Ford has been working to help the honeybee population and partnering with Heroes to Hives was a natural progression.

Cormac Wright
Credit Ford

“I was aware of the plight of honeybees, but to me it was one of those abstract problems like a global warming that seems so big you don’t know where to begin to help,” says Cormac Wright, Global Energy Systems Project Manager at Ford. “I proposed a plan to Ford’s vice president for sustainability at various locations throughout Ford. We have such a large global footprint so this would be an opportunity to educate our employees and to have the conversation around what challenges are facing bees and how we could help.

“When we were rolling out hives at the world headquarters site, we had Adam in for a conversation on how we might help the bees. In the course of our conversation, he was telling me about Heroes to Hives and the issues they had with not having a location in southeast Michigan. And to me, it just seemed like such a great opportunity to step in and offer Ford property to help. We were establishing hives around the southeast Michigan area so if we could dedicate some to the Heroes to Hives Program, it seemed like our partnership could solve this issue for MSU.”

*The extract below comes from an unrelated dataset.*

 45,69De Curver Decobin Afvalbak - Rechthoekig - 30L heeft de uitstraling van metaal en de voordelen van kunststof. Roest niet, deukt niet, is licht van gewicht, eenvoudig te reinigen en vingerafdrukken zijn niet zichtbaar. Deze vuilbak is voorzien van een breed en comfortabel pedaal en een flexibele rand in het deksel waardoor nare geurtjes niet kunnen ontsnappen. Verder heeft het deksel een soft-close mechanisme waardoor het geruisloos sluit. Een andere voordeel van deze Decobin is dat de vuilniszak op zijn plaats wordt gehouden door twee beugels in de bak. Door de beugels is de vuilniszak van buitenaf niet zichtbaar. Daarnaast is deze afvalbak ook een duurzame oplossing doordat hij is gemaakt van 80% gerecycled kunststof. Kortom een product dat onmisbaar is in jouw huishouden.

“This partnership is an opportunity for Heroes to Hives to explore these corporate partnerships,” adds Ingrao. “Ford is helping us by offering us a site, and we're also helping Ford by offering our training to their employees. We have 280 veterans and their dependents participating in the program. And we have 440 Ford employees participating in the program.

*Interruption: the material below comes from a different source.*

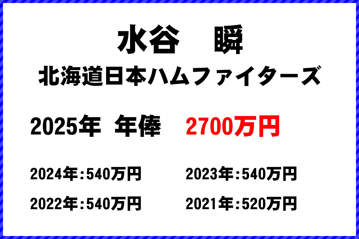 2025年 北海道日本ハムファイターズ所属 水谷瞬選手の年俸は2700万円です。

“And one of the things that I constantly hammer on with my students is we're in a situation where we don't need more beekeepers. We need more educated beekeepers. Because an uneducated beekeeper is just killing bees year after year and that's not helping the problem. That's exacerbating the problem.

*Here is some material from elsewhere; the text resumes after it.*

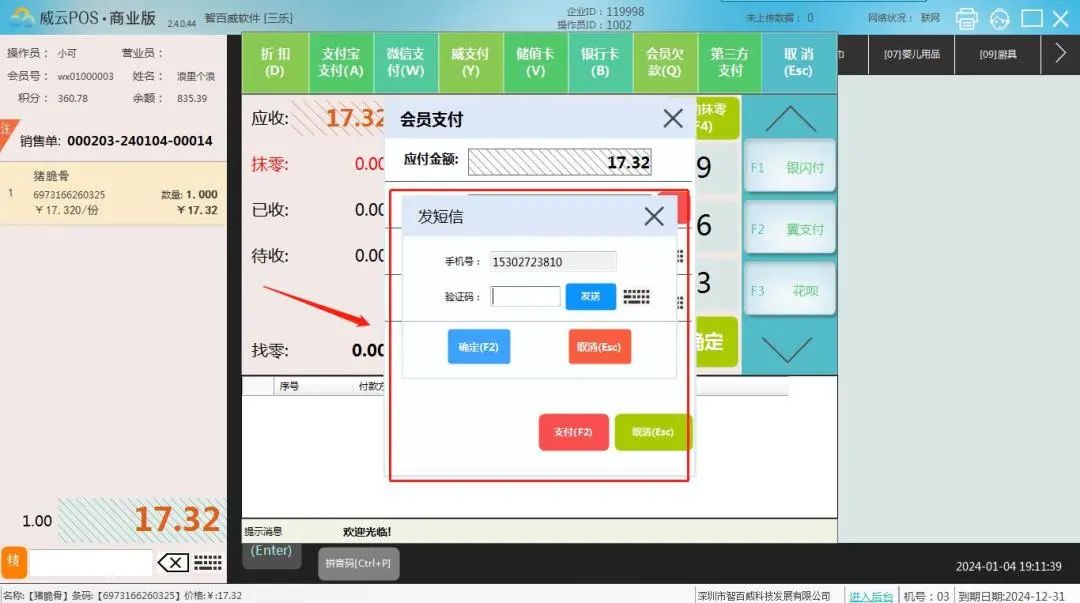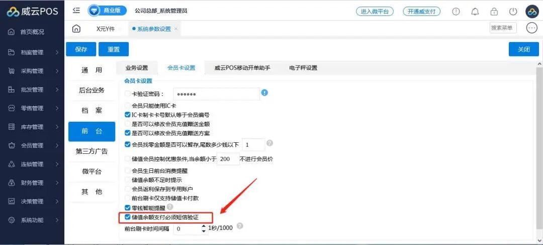 威云pos前臺(tái)會(huì)員儲(chǔ)值消費(fèi)增加了必須短信驗(yàn)證的功能

“The partnership with Ford shows that we can have an impact by helping veterans, and through these corporate relationships, we can also foster and promote this type of education within an organization. Ford has a global sustainability initiative around pollinators. We want those individuals who want to be part of that initiative within Ford to be the best educated individuals so that they can actually contribute to solving this problem rather than contributing to the problem.”